-- Records for the exercise follows --

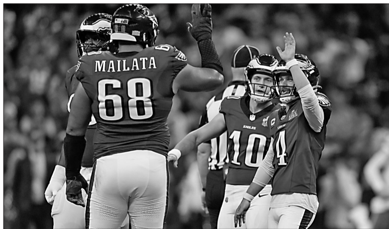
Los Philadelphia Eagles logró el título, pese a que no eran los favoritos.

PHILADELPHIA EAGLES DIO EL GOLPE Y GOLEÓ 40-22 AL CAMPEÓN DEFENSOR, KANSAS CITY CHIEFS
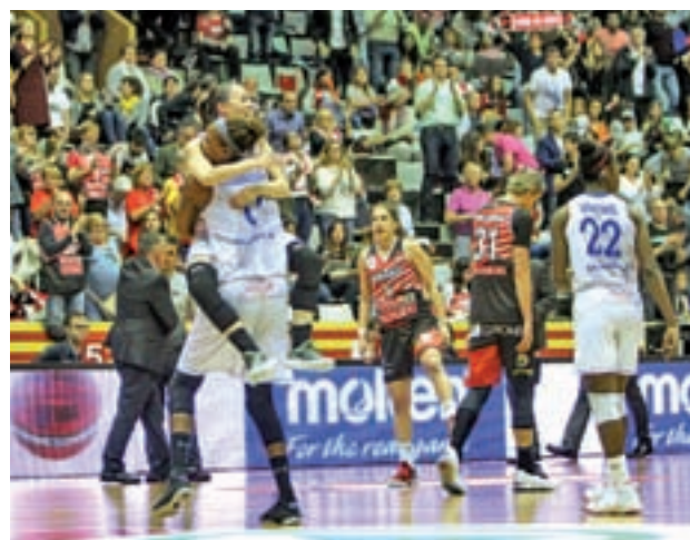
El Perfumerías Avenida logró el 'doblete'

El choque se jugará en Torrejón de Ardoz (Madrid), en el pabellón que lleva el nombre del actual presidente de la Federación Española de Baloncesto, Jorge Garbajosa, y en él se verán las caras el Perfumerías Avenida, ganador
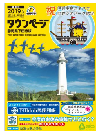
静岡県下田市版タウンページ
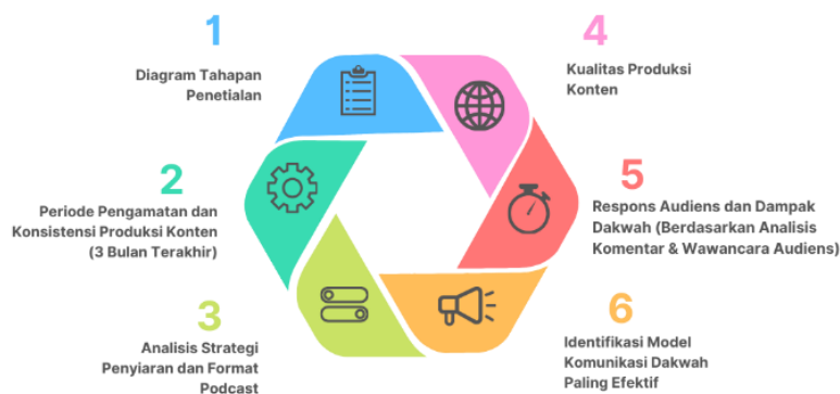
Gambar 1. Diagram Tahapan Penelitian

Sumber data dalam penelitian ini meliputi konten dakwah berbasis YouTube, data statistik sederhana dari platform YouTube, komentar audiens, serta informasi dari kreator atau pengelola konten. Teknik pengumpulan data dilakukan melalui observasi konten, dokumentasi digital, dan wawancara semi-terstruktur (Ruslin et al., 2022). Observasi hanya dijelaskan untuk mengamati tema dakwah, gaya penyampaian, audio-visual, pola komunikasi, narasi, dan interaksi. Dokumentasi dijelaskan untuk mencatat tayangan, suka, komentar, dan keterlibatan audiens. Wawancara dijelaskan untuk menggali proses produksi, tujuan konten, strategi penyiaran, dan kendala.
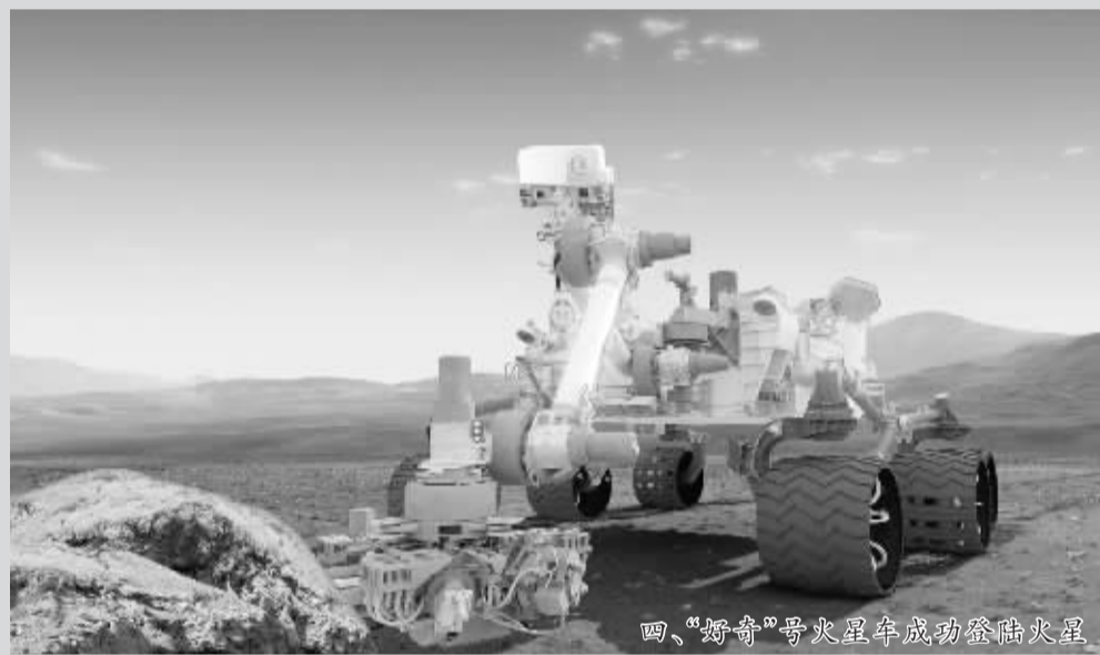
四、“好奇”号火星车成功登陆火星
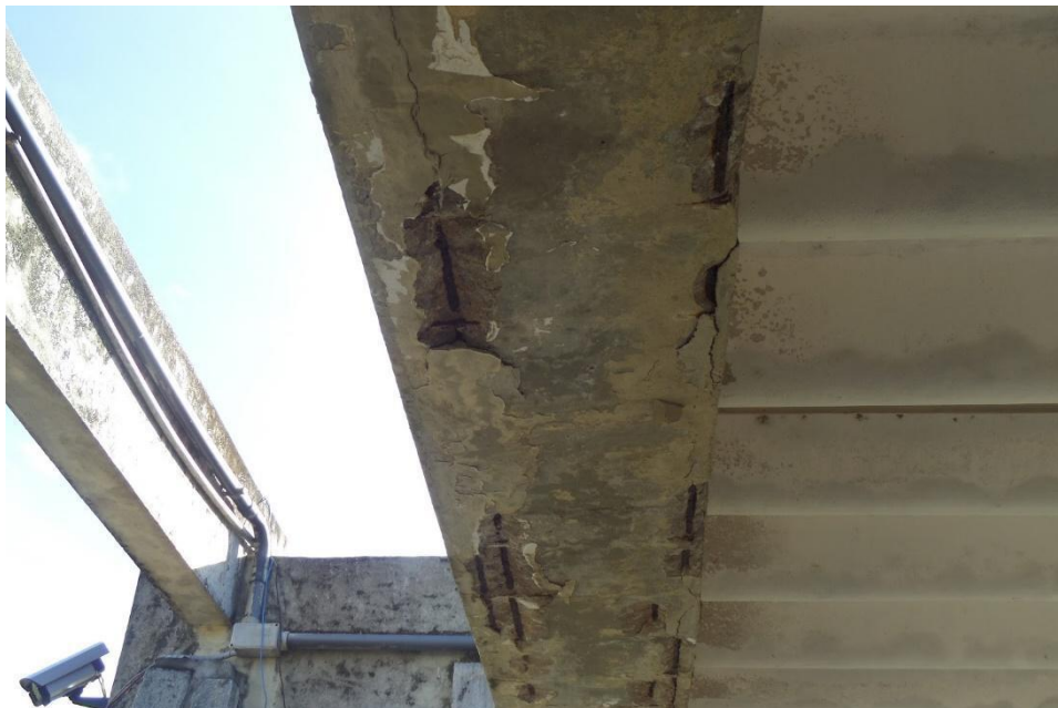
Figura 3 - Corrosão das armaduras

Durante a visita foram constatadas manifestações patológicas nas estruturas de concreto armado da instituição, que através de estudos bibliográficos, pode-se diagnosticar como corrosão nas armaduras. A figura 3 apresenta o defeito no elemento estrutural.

-- Records for the exercise concluded --

Exercise details: Skipping every picture, reproduce the records word for word.

Answer for this exercise:
Los Philadelphia Eagles logró el título, pese a que no eran los favoritos.

PHILADELPHIA EAGLES DIO EL GOLPE Y GOLEÓ 40-22 AL CAMPEÓN DEFENSOR, KANSAS CITY CHIEFS
El Perfumerías Avenida logró el 'doblete'

El choque se jugará en Torrejón de Ardoz (Madrid), en el pabellón que lleva el nombre del actual presidente de la Federación Española de Baloncesto, Jorge Garbajosa, y en él se verán las caras el Perfumerías Avenida, ganador
静岡県下田市版タウンページ
Gambar 1. Diagram Tahapan Penelitian

Sumber data dalam penelitian ini meliputi konten dakwah berbasis YouTube, data statistik sederhana dari platform YouTube, komentar audiens, serta informasi dari kreator atau pengelola konten. Teknik pengumpulan data dilakukan melalui observasi konten, dokumentasi digital, dan wawancara semi-terstruktur (Ruslin et al., 2022). Observasi hanya dijelaskan untuk mengamati tema dakwah, gaya penyampaian, audio-visual, pola komunikasi, narasi, dan interaksi. Dokumentasi dijelaskan untuk mencatat tayangan, suka, komentar, dan keterlibatan audiens. Wawancara dijelaskan untuk menggali proses produksi, tujuan konten, strategi penyiaran, dan kendala.
四、“好奇”号火星车成功登陆火星
Figura 3 - Corrosão das armaduras

Durante a visita foram constatadas manifestações patológicas nas estruturas de concreto armado da instituição, que através de estudos bibliográficos, pode-se diagnosticar como corrosão nas armaduras. A figura 3 apresenta o defeito no elemento estrutural.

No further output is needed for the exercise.